Repeat every line of the listing below exactly, minus the pictures.

Information provided

====

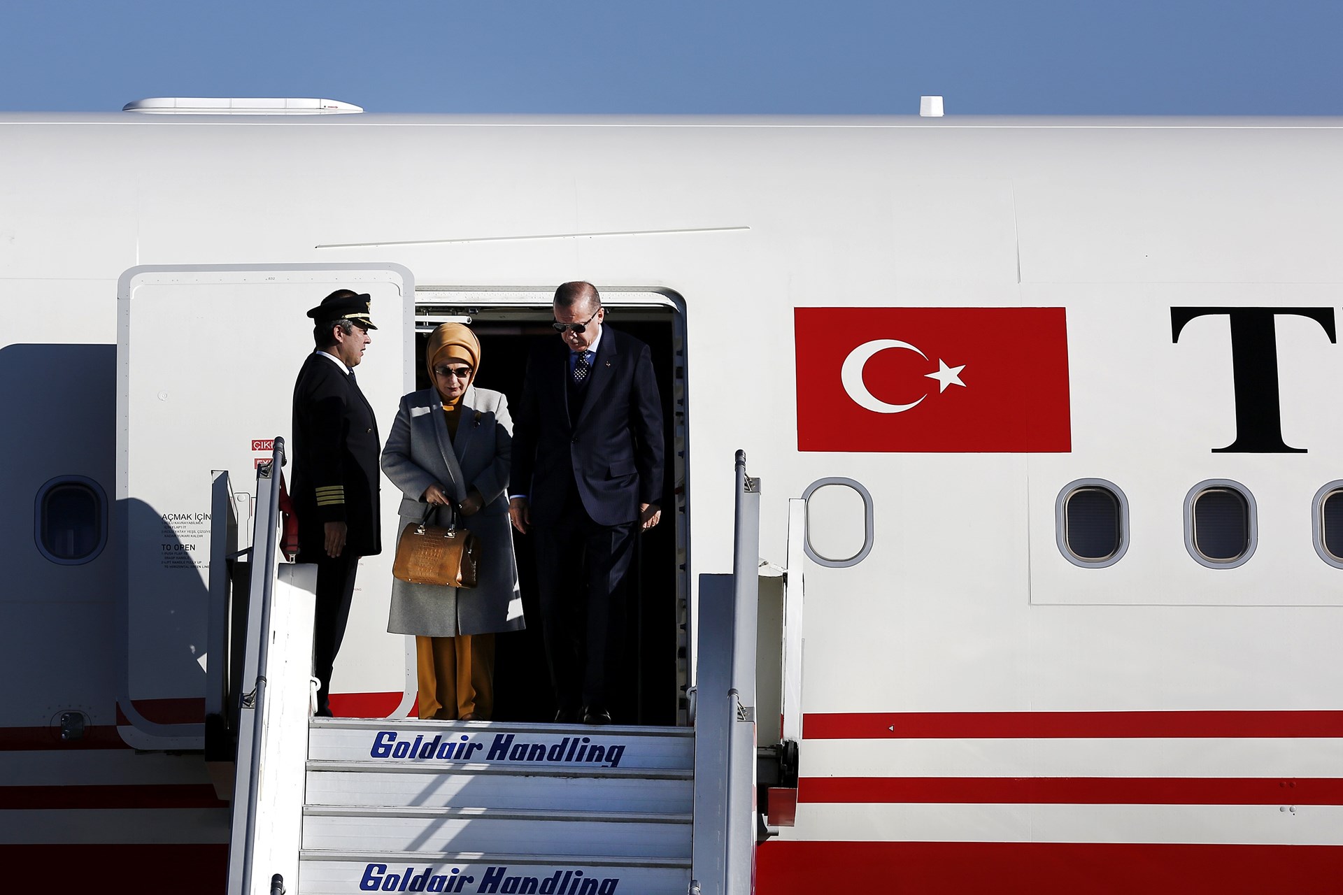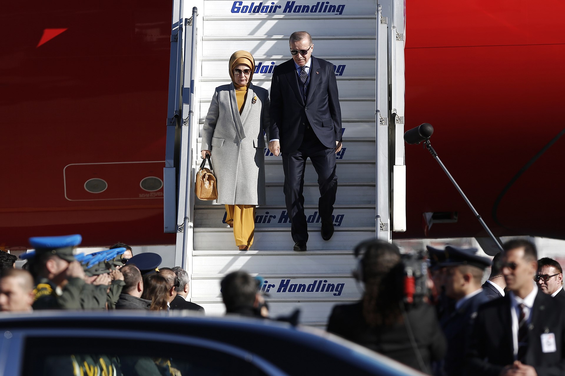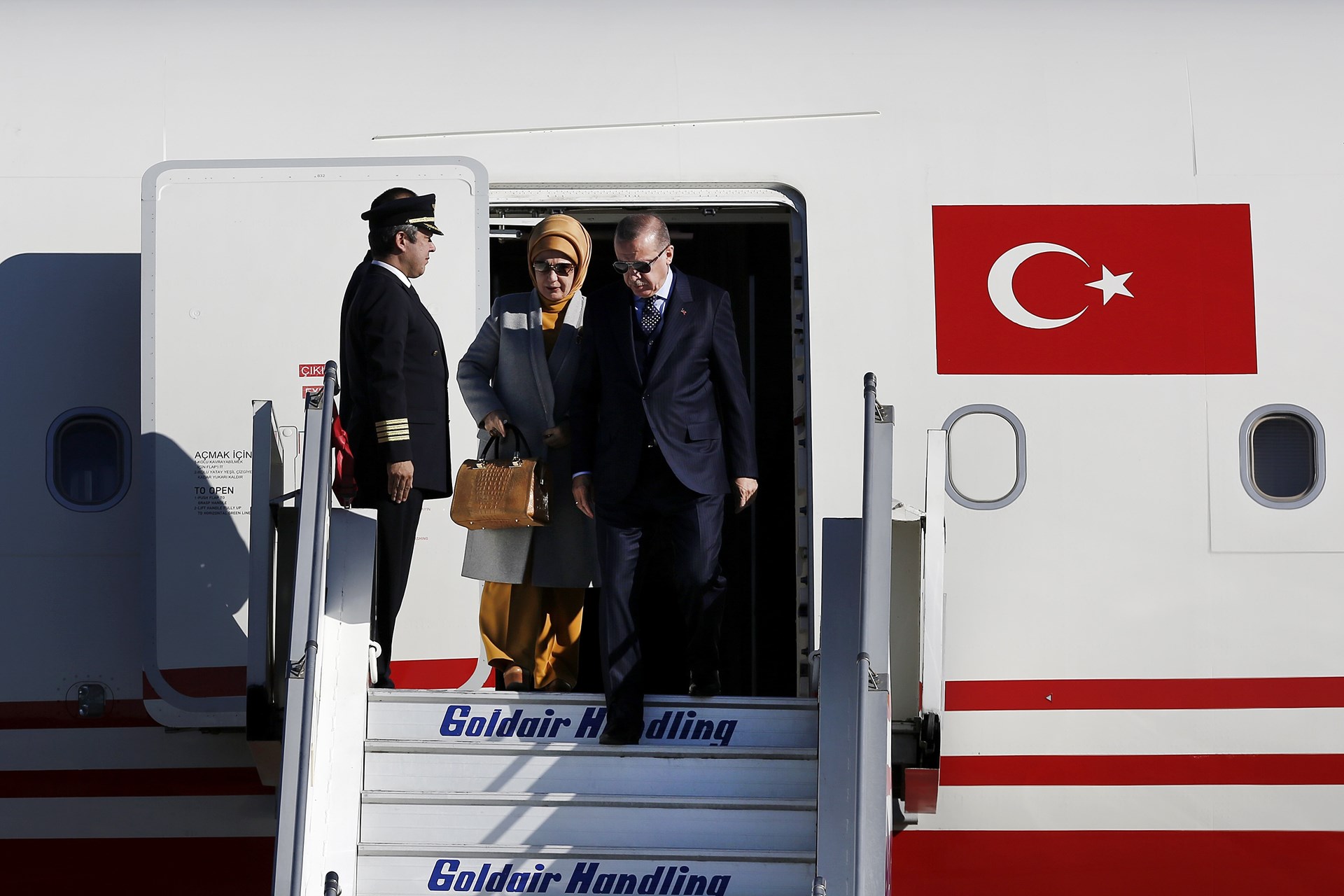Ο Πρόεδρος της Τουρκίας Ρετζέπ Ταγίπ Ερντογάν και η σύζυγος του Εμινέ Ερντογάν κατέβηκαν από το αεροσκάφος πιασμένοι χέρι με χέρι.
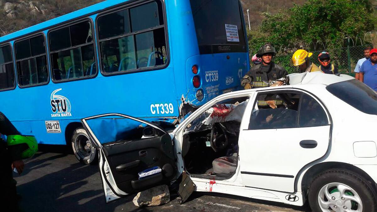 El choque de un automóvil con una buseta del servicio público urbano en el corredor turístico de Santa Marta, sector de Pozos Colorado, dejó una persona muerta y una herida de gravedad.
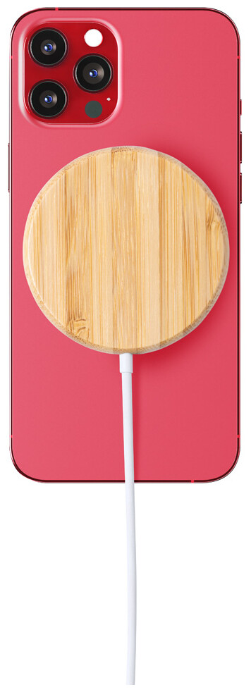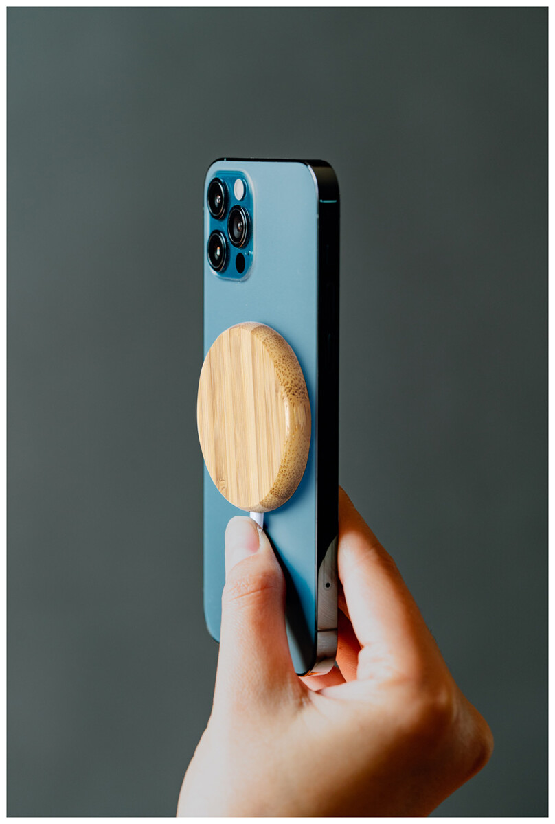 Magnetická bezdrátová rychlá nabíječka (10W) v bambusovém pouzdře s LED kontrolkou nabíjení. Včetně samolepicího kovového kroužku pro použití magnetické funkce na jakémkoli bezdrátově nabíjitelném zařízení. Včetně USB nabíjecího kabelu.

====

Response area
Ο Πρόεδρος της Τουρκίας Ρετζέπ Ταγίπ Ερντογάν και η σύζυγος του Εμινέ Ερντογάν κατέβηκαν από το αεροσκάφος πιασμένοι χέρι με χέρι.
 El choque de un automóvil con una buseta del servicio público urbano en el corredor turístico de Santa Marta, sector de Pozos Colorado, dejó una persona muerta y una herida de gravedad.
 Magnetická bezdrátová rychlá nabíječka (10W) v bambusovém pouzdře s LED kontrolkou nabíjení. Včetně samolepicího kovového kroužku pro použití magnetické funkce na jakémkoli bezdrátově nabíjitelném zařízení. Včetně USB nabíjecího kabelu.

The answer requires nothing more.